The attempted manipulation, which according to authorities took place from 2005 through 2009, meant that millions of borrowers paid too little or too much interest on their debt.
The US government implicated senior executives at Barclays in its settlement.
It cited reams of emails that showed how the bank sought to move Libor rates to profit on trades and to hide its high borrowing costs during the financial crisis.
Barclays Chief Executive Bob Diamond acknowledged on Wednesday that the settlement would damage customer trust in the bank.
He said he and other senior executives would forgo their bonuses this year.
Much of the improper trading and manipulation occurred under the watch of Diamond, a fixed-income trader who replaced John Varley as CEO in 2011.
Libor underlies everything from derivatives trades to US consumer credit card rates to loans as far afield as those financing Turkish phone networks.
Barclays also tried to manipulate Euribor, a separately managed series of euro-denominated rates.
The bank settled on a civil basis with the US Commodity Futures Trading Commission, the US Department of Justice and the UK's Financial Services Authority.
The Justice Department is still conducting a criminal investigation.
The broader Libor probe dates to at least 2011 and includes Japanese, Canadian and Swiss authorities.
Last year, Swiss bank UBS AG agreed to cooperate with US investigators in exchange for conditional immunity from prosecution.
Earlier this year, in court documents filed in Ontario Superior Court, a Canadian antitrust regulator said that a "cooperating party" had provided information on how the alleged Libor manipulation took place.
The Barclays settlement puts pressure on other banks to follow suit, a former US prosecutor said.
"I don't think there is any question that the industry's total cost when you throw in class actions, regulatory settlements, going-forward compliance and even the professional fees associated with the defense of these matters, will be well into the tens of billions of dollars," said Jacob Frenkel, a partner at Shulman Rogers in Potomac, Maryland.
On the "big boy" trail
Investigators were helped by the extensive email traffic among Barclays employees involved.

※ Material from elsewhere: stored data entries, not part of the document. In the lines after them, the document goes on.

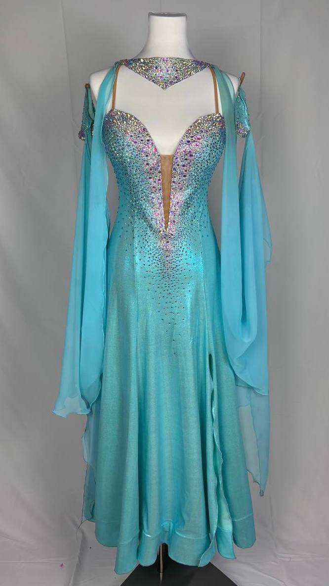Graceful. Bold. Majestic.Soar across the dance floor in the breathtaking Blue Wings 💙 Ballroom Dress by Elle Atelier. This elegant masterpiece combines fluid design with radiant detail — crafted from premium mixed fabrics and adorned with high-quality rhinestones that sparkle with every graceful ...
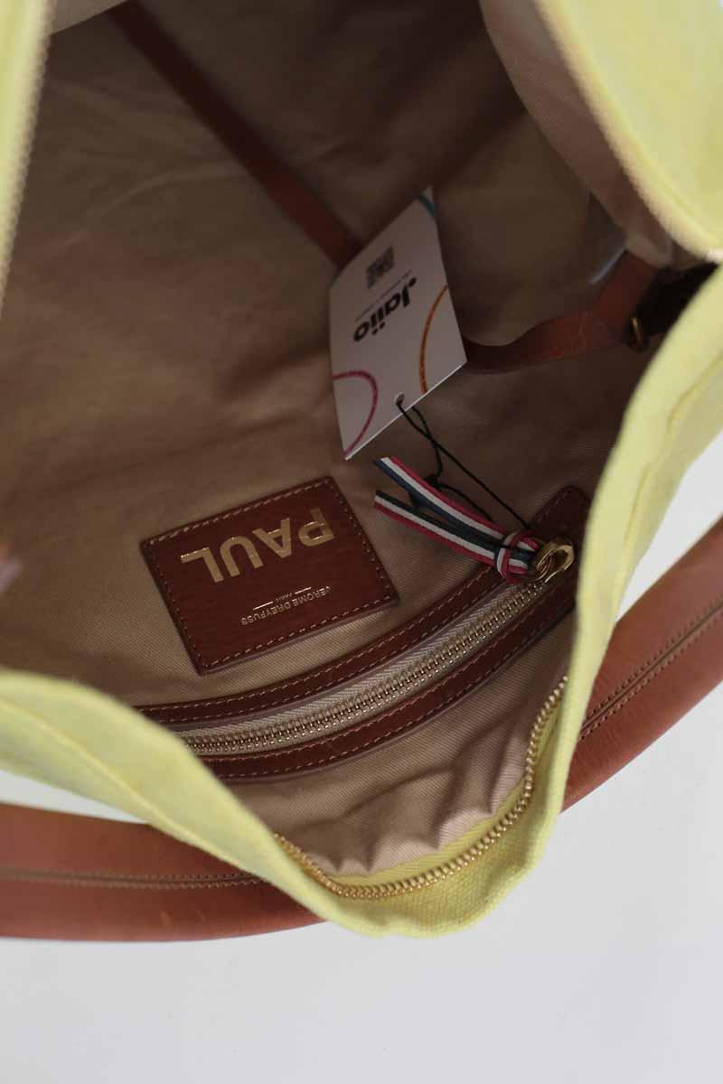 Sac porté épaule de seconde main Jérôme Dreyfuss Paul jaune. Matière principale tissu. Largeur : 35cm. Profondeur : 10cm. Hauteur : 40cm. Collection Femme. Jamais Porté. Prix boutique : 400€. Référence : 1908023.
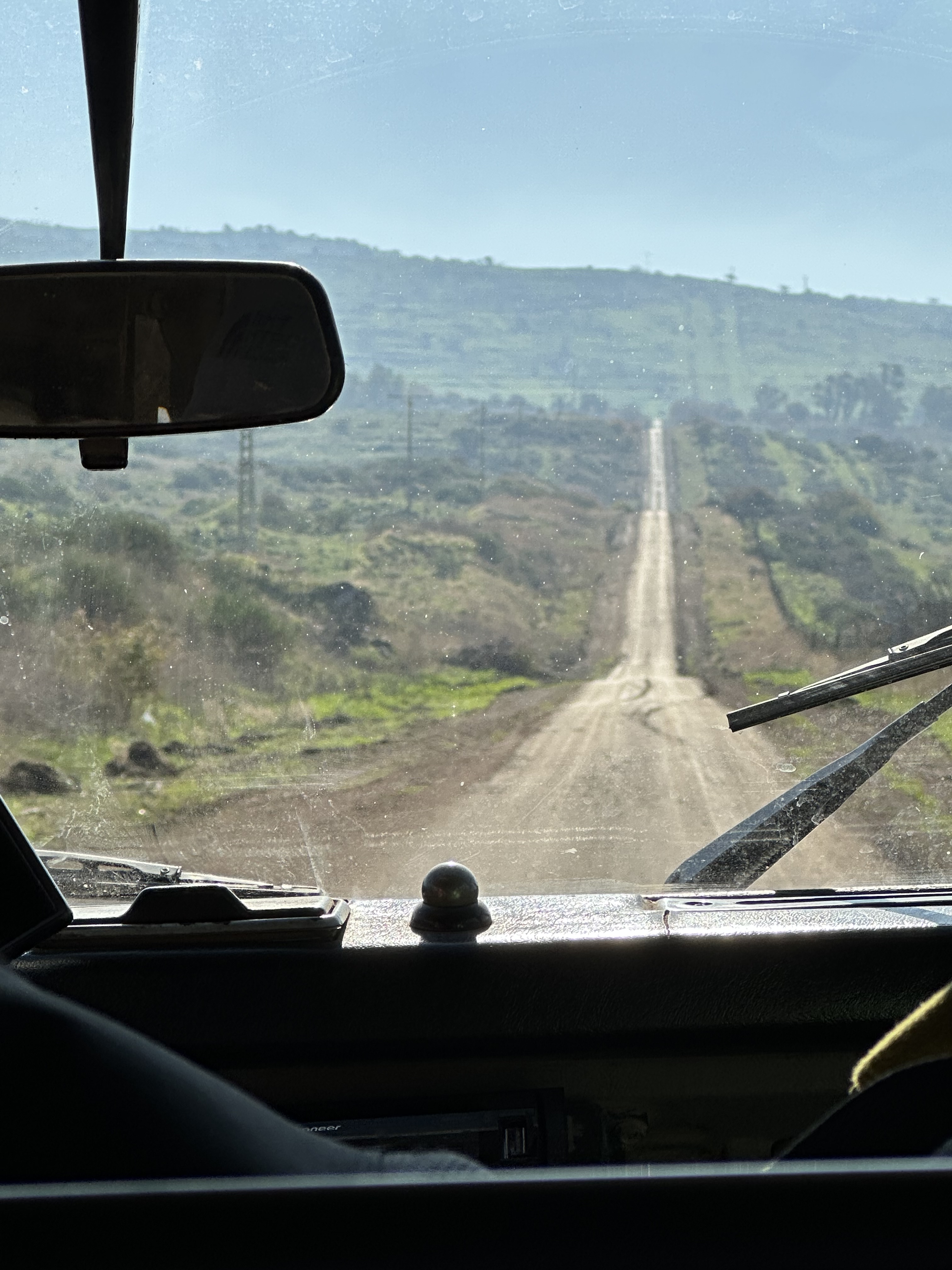 We need a different vehicle for this next chapter, so Hilik hands us off to Royi, and we pile into his open jeep, driving a paved road for a bit before we cross over to a dirt road. A smooth road quickly transitions to a rutted and precarious up and down through the cattle fields that gazelle also call home. Eventually we have ascended up to an amazing view of the Hula Valley.

In one email, after a Barclays swaps trader asked for low levels to be reported on certain short-term rates, an employee who submitted rates for the survey responded by email, "Done ... for you big boy ..."
Market participants said that fewer traders have faith in Libor as a benchmark now.
"There isn't really a lot of trust in the way Libor is calculated as ... there were some banks who used to manipulate the rates just to get better conditions in the money market," said ING rate strategist Alessandro Giansanti in Amsterdam.
The series of interest rates are determined based on a daily poll of banks regarding their estimated borrowing costs.
Libor is so deeply entrenched in financial markets that there are few plausible alternatives, experts have said.